-------- Raw data

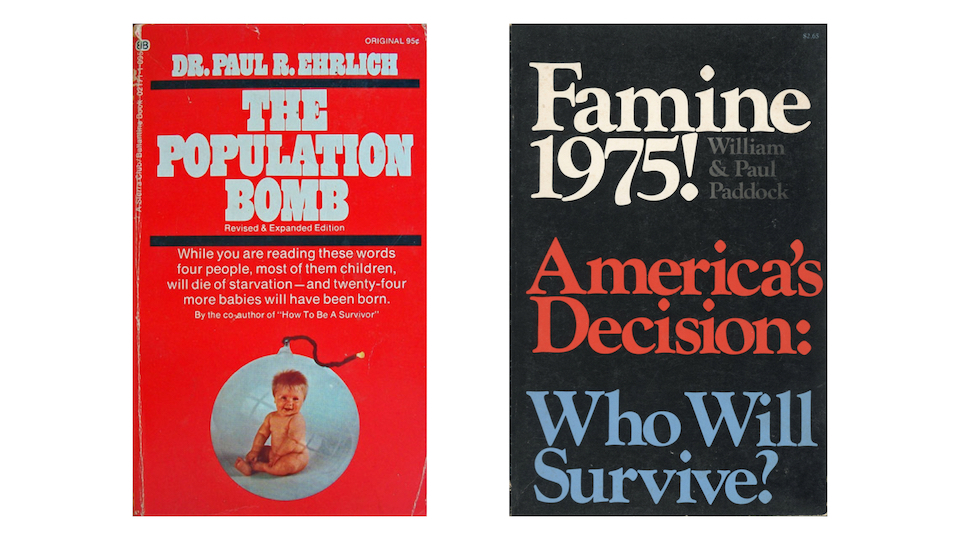 Fears of shortages lead to fears of “overpopulation”. If resources are static, then they have to be divided into smaller and smaller shares for more and more people. In the 1960s, this led to dire predictions of famine and depredation:
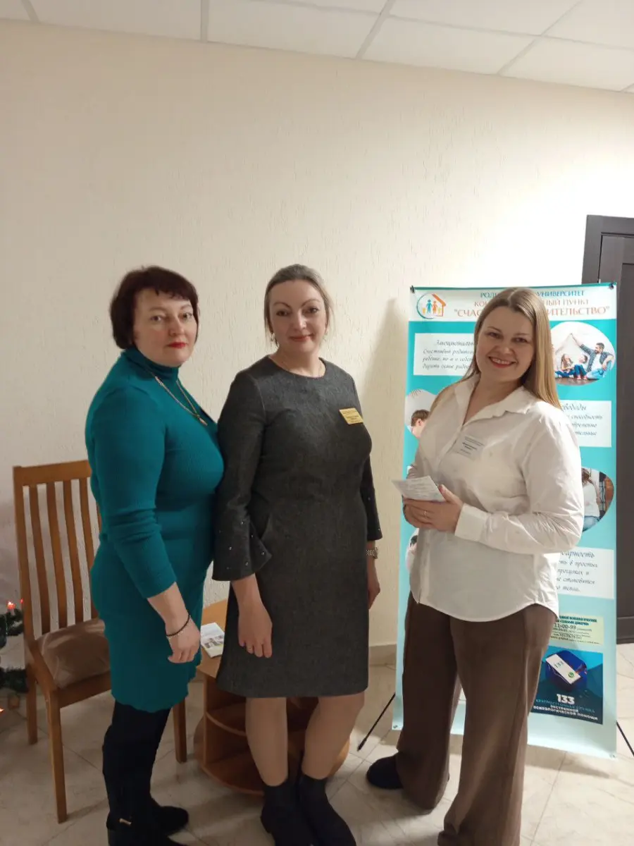Сегодня, 06 января 2026 года, наши педагоги: Потапенко В.Г., педагог-психолог, Жих Ю.П., педагог социальный и Королько Е.П., педагог социальный приняли участие в пилотном проекте «Консультационный пункт «Счастливое родительство». Пункт был расположен на территории ОАО «Борисовдрев», где каждый желающий мог получить памятки, буклеты по гармонизации детско-родительских отношений, особенностях возраста несовершеннолетних, профилактике конфликтных ситуаций, эмоционального выгорания законных представителей несовершеннолетних, формированию здорового образа жизни, и других.
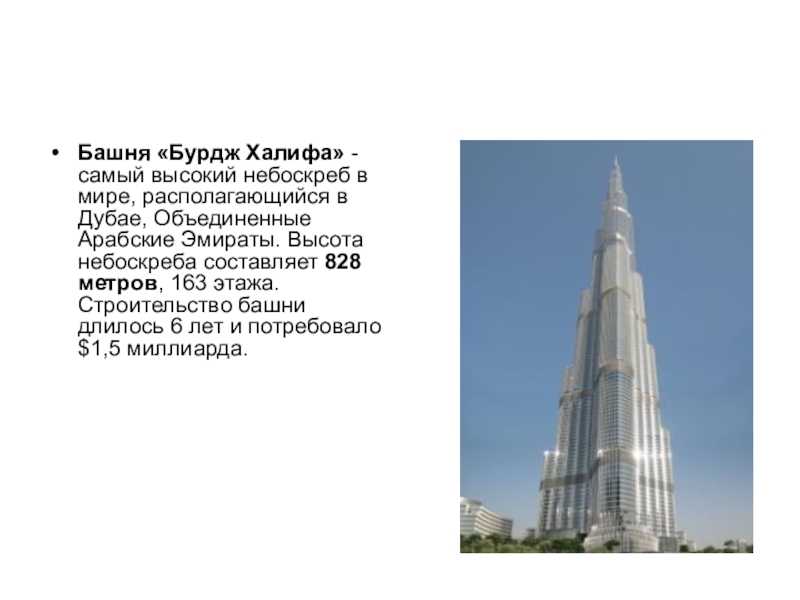 На данный момент самым высоким зданием в мире является Бурдж-Халифа в Дубае, ОАЭ. Его высота составляет 828 метров.
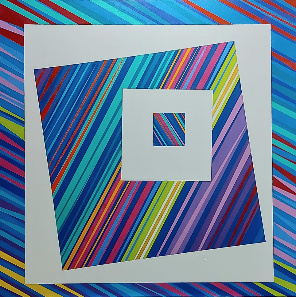 Murillo’s architectural background is evident in his methodical approach to composition and spatial design. Primarily working in acrylic, he creates paintings of geometric, colourful shapes that blur the boundaries between two-dimensional and three-dimensional forms, encouraging contemplation from various angles. His use of structure and pattern generates dynamic energy and movement on the canvas, drawing you in and creating the sensation of gazing into an optical illusion.
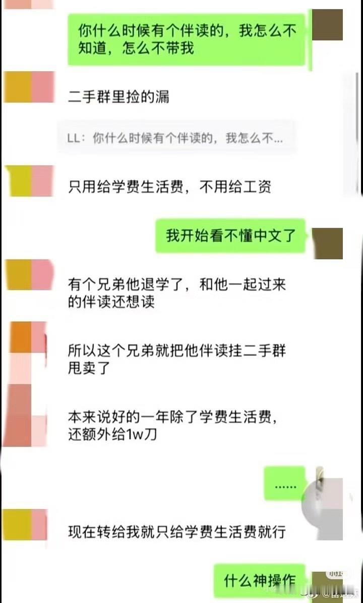 富二代在国外留学2年,虽然平时作业、考试都是这个伴读代劳,还是觉得国外太寂寞了,不如国内精彩,索性退学不读了。但这个伴读有些想法,希望能够读完拿到学位。这个富二代于是在群里“转卖”伴读,没想到还真有人接盘,负责接下来几年伴读的学费和生活费,每年的1万美元则是由富二代继续承担。
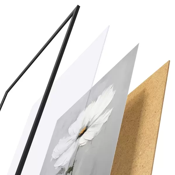 De poster bestaat uit een frame, plexiglas, geprinte afbeelding en spaanplaat achterkant. De poster kan meteen aan de muur worden gehangen dankzij de bevestigingen op de achterkant.
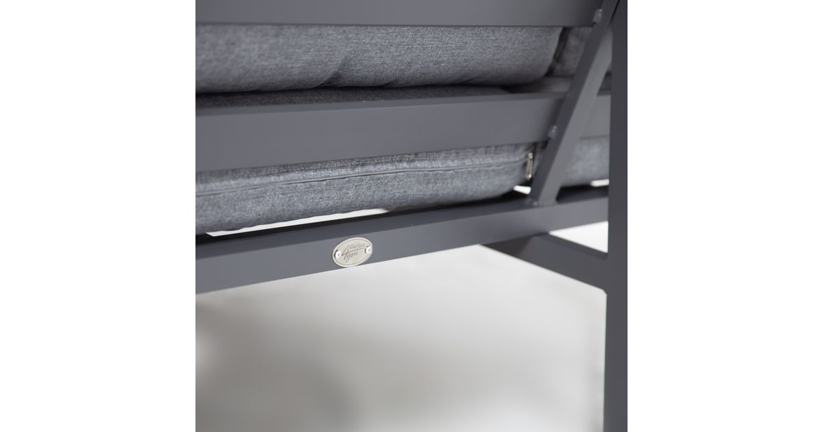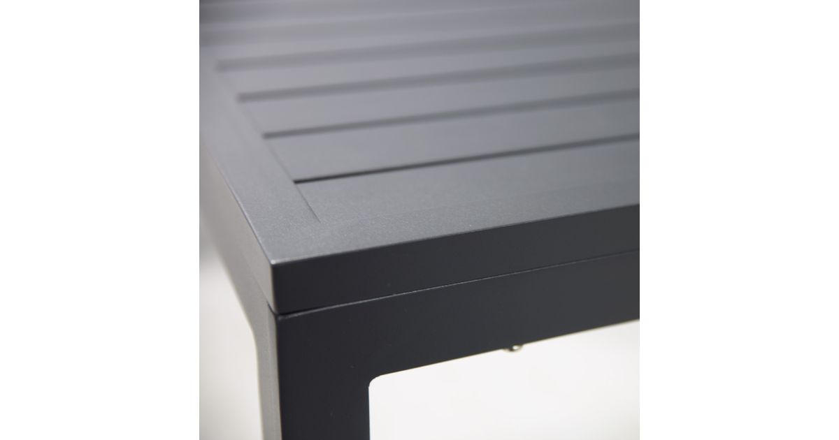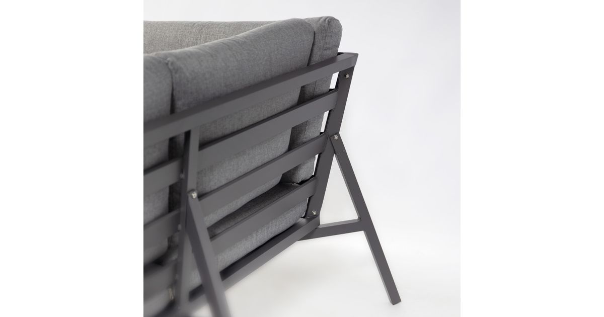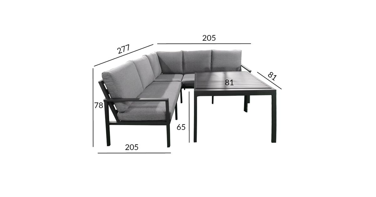 Laud 81x81xH65cm. Nurgadiivan 204x204xS80xH78cm. Diivaniraam, lauplaat ja -jalad on valmistatud alumiiniumist ning pulbervärvitud. Padjad kuuluvad komplekti (3 istmepatja + 6 seljatoepatja). Padjakatted: hall polüesterkangas. Istmepatjade paksus 10cm, seljatoepatjade paksus 8cm.

----------------

§ **Task**: With images excluded, write the records above out again exactly.

§ **Written response**:
 Fears of shortages lead to fears of “overpopulation”. If resources are static, then they have to be divided into smaller and smaller shares for more and more people. In the 1960s, this led to dire predictions of famine and depredation:
Сегодня, 06 января 2026 года, наши педагоги: Потапенко В.Г., педагог-психолог, Жих Ю.П., педагог социальный и Королько Е.П., педагог социальный приняли участие в пилотном проекте «Консультационный пункт «Счастливое родительство». Пункт был расположен на территории ОАО «Борисовдрев», где каждый желающий мог получить памятки, буклеты по гармонизации детско-родительских отношений, особенностях возраста несовершеннолетних, профилактике конфликтных ситуаций, эмоционального выгорания законных представителей несовершеннолетних, формированию здорового образа жизни, и других.
 На данный момент самым высоким зданием в мире является Бурдж-Халифа в Дубае, ОАЭ. Его высота составляет 828 метров.
 Murillo’s architectural background is evident in his methodical approach to composition and spatial design. Primarily working in acrylic, he creates paintings of geometric, colourful shapes that blur the boundaries between two-dimensional and three-dimensional forms, encouraging contemplation from various angles. His use of structure and pattern generates dynamic energy and movement on the canvas, drawing you in and creating the sensation of gazing into an optical illusion.
 富二代在国外留学2年,虽然平时作业、考试都是这个伴读代劳,还是觉得国外太寂寞了,不如国内精彩,索性退学不读了。但这个伴读有些想法,希望能够读完拿到学位。这个富二代于是在群里“转卖”伴读,没想到还真有人接盘,负责接下来几年伴读的学费和生活费,每年的1万美元则是由富二代继续承担。
 De poster bestaat uit een frame, plexiglas, geprinte afbeelding en spaanplaat achterkant. De poster kan meteen aan de muur worden gehangen dankzij de bevestigingen op de achterkant.
 Laud 81x81xH65cm. Nurgadiivan 204x204xS80xH78cm. Diivaniraam, lauplaat ja -jalad on valmistatud alumiiniumist ning pulbervärvitud. Padjad kuuluvad komplekti (3 istmepatja + 6 seljatoepatja). Padjakatted: hall polüesterkangas. Istmepatjade paksus 10cm, seljatoepatjade paksus 8cm.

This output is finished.